What you should do ▸ Output exactly, and only, the lines below from the one with "Let the meat" down to the one with "在跳出的視窗中找到下載好的【IPSW 檔案】,點一下檔案並【打開】。". Include both end lines and no pictures.

Provided data ▸
================

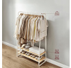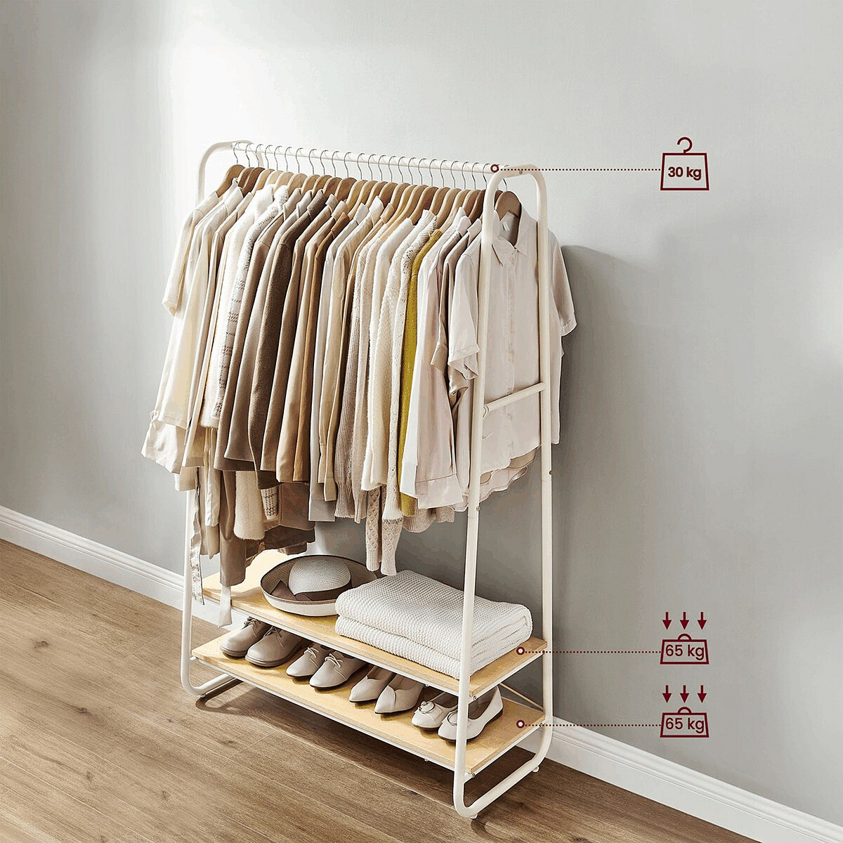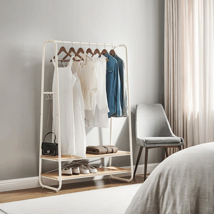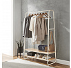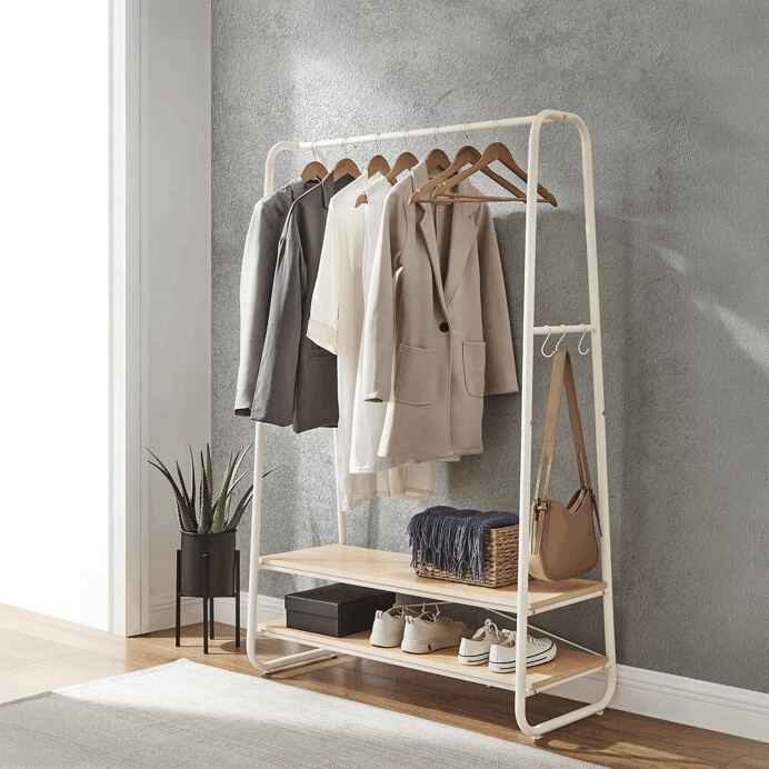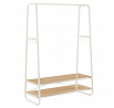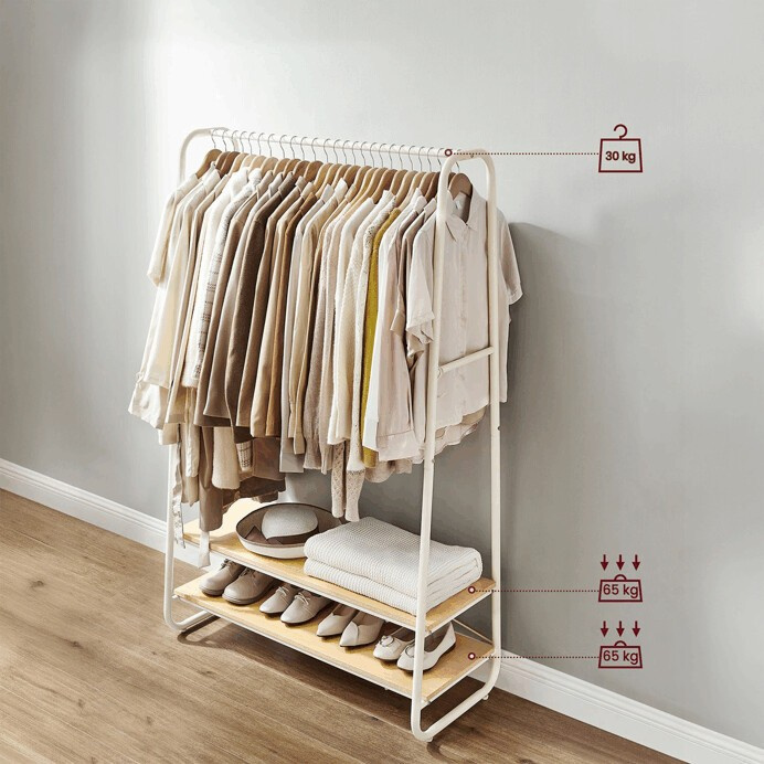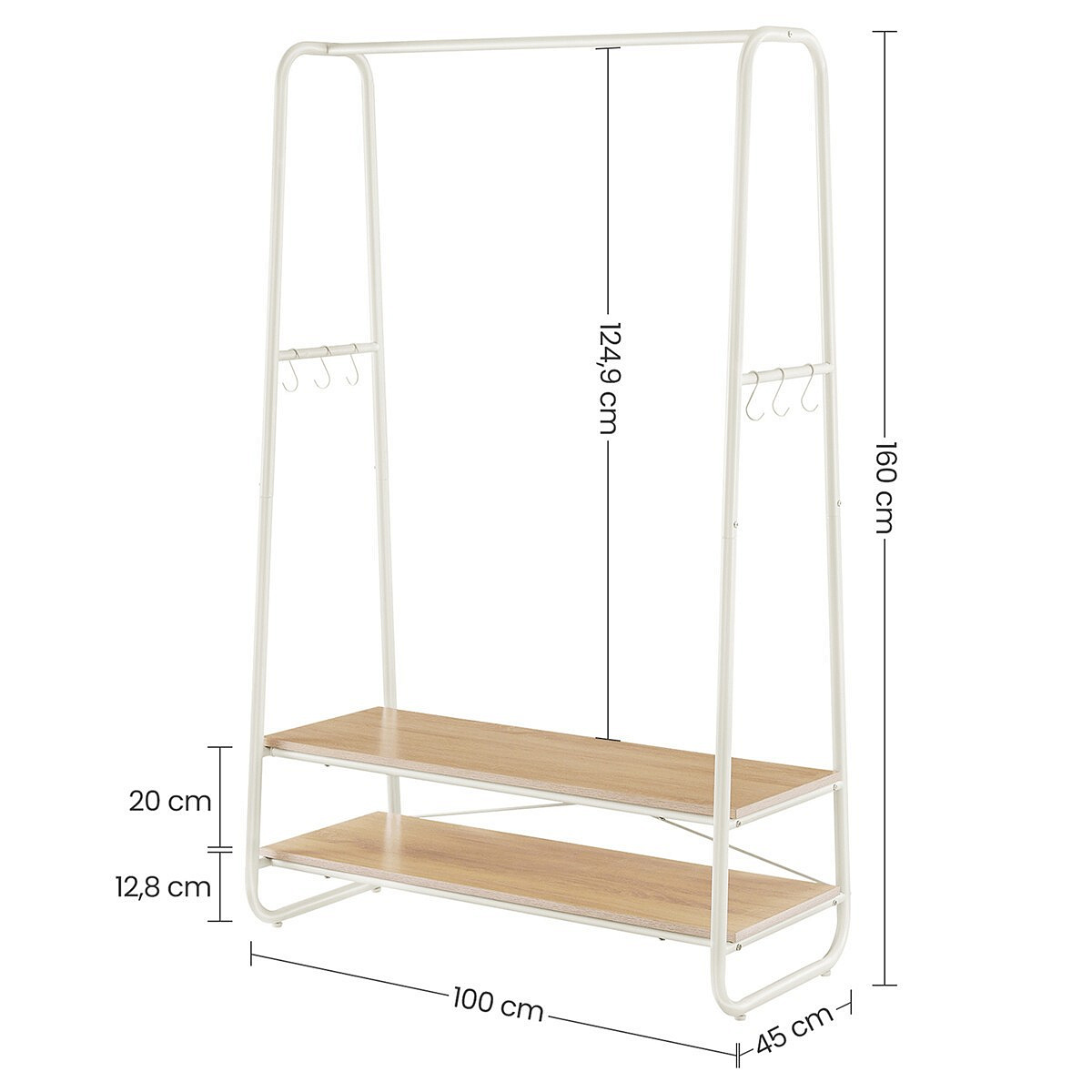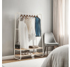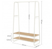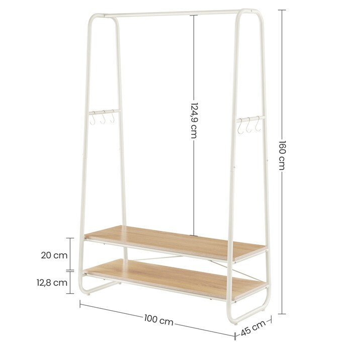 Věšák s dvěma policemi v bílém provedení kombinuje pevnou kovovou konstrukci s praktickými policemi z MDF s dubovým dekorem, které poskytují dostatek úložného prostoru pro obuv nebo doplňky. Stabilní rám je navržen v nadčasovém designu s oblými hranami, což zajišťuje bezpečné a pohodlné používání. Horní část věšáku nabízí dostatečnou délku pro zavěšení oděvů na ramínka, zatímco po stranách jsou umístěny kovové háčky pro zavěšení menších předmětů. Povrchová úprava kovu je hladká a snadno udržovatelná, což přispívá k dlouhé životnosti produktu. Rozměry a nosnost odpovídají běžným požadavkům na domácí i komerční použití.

================

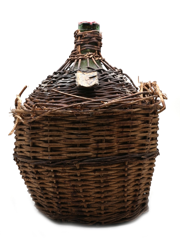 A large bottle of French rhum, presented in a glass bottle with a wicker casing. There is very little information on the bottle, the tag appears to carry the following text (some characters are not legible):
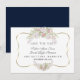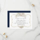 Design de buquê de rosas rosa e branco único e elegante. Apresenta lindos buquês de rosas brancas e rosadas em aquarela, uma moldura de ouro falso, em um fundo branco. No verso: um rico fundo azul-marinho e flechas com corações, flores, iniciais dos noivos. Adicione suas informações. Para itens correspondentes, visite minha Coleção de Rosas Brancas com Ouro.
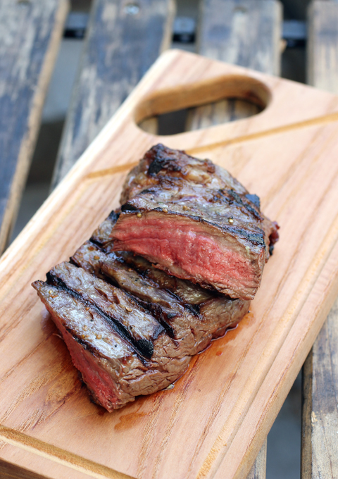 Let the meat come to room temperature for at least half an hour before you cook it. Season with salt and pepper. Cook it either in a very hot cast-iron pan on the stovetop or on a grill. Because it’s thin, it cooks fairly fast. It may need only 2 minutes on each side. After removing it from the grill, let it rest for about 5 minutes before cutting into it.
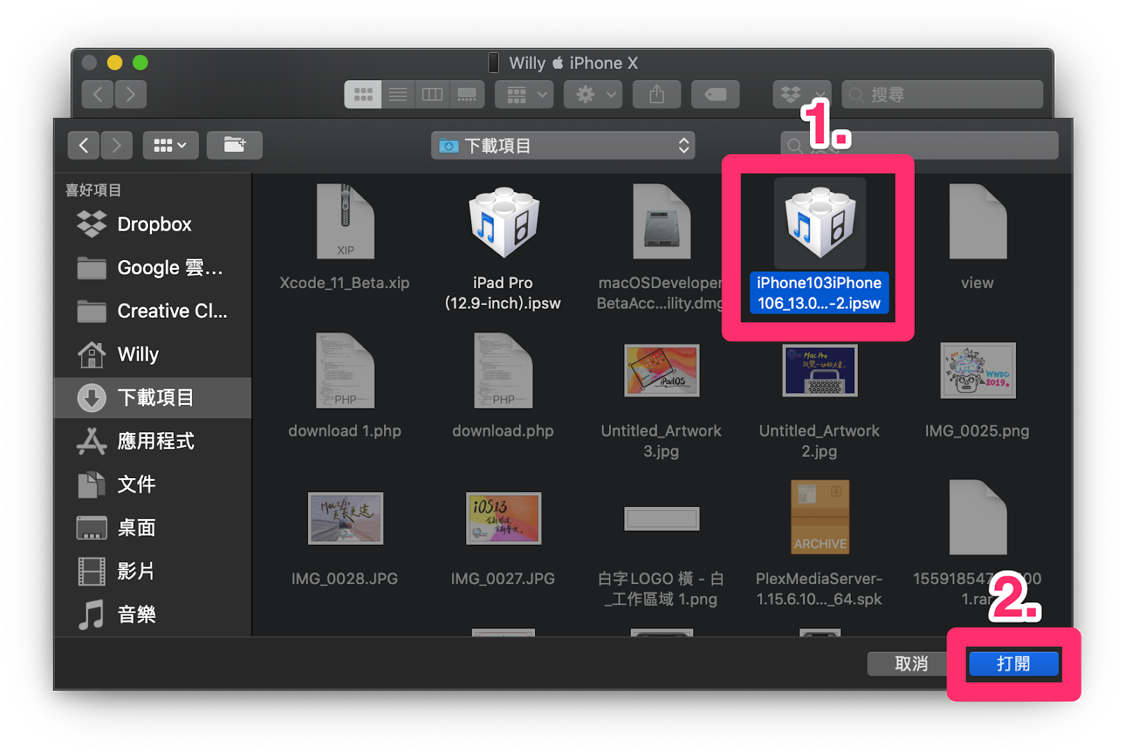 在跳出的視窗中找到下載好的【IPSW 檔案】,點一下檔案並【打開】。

================

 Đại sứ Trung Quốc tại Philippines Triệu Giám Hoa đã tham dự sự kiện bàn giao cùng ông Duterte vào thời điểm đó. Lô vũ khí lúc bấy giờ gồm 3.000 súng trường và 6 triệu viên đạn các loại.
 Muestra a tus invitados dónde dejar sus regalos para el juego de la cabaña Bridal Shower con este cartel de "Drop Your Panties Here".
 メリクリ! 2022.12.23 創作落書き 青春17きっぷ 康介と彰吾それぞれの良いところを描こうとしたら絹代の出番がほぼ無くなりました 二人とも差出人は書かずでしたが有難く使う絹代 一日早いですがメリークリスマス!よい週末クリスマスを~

================

Exercise output ▸
 Let the meat come to room temperature for at least half an hour before you cook it. Season with salt and pepper. Cook it either in a very hot cast-iron pan on the stovetop or on a grill. Because it’s thin, it cooks fairly fast. It may need only 2 minutes on each side. After removing it from the grill, let it rest for about 5 minutes before cutting into it.
 在跳出的視窗中找到下載好的【IPSW 檔案】,點一下檔案並【打開】。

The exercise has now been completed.